• _MATERIAL SUPPLIED_:
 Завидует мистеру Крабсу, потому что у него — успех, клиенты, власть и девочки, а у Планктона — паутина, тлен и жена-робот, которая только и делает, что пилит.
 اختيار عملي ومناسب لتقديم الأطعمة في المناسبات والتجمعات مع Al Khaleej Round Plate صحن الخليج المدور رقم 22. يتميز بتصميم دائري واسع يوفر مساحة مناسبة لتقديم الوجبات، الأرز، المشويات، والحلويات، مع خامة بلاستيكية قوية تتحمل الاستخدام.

--

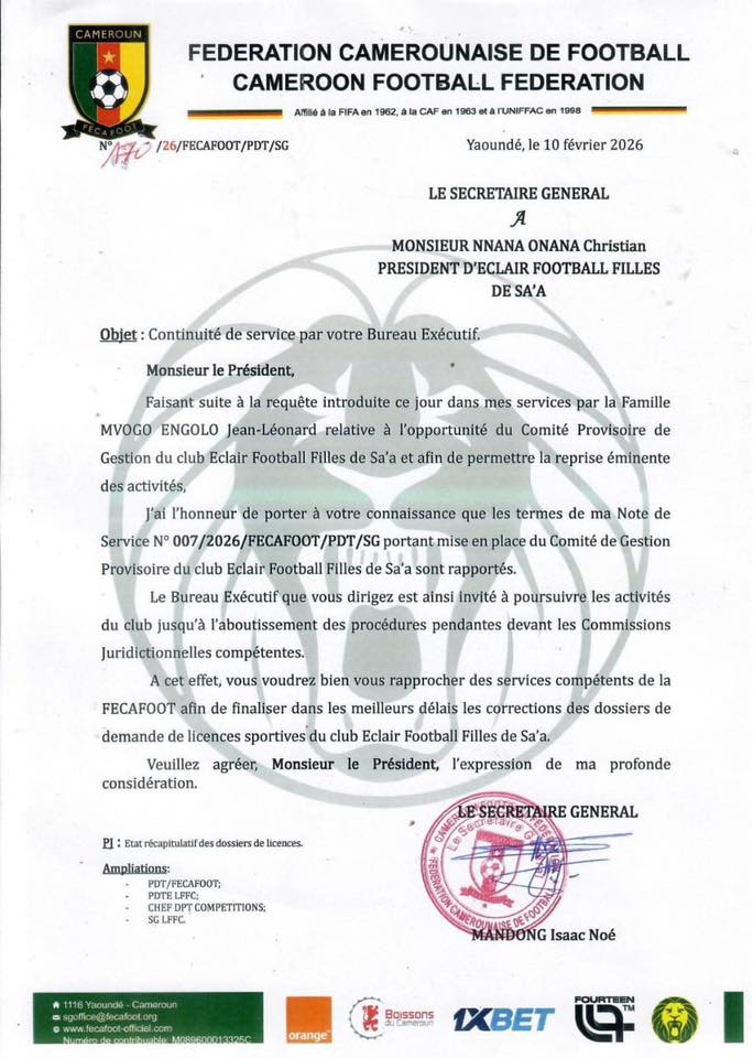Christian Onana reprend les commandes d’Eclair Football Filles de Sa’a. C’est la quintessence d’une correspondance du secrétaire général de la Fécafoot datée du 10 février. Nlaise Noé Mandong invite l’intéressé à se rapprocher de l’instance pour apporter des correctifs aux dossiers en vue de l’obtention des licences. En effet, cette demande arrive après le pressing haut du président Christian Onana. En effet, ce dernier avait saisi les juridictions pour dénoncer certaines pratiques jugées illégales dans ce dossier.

• _TASK OBJECTIVE_: Write down, word for word, the lines above from the one containing "Завидует мистеру Крабсу, потому" through the one containing "اختيار عملي ومناسب", both ends included.

• _TASK SOLUTION_:
 Завидует мистеру Крабсу, потому что у него — успех, клиенты, власть и девочки, а у Планктона — паутина, тлен и жена-робот, которая только и делает, что пилит.
 اختيار عملي ومناسب لتقديم الأطعمة في المناسبات والتجمعات مع Al Khaleej Round Plate صحن الخليج المدور رقم 22. يتميز بتصميم دائري واسع يوفر مساحة مناسبة لتقديم الوجبات، الأرز، المشويات، والحلويات، مع خامة بلاستيكية قوية تتحمل الاستخدام.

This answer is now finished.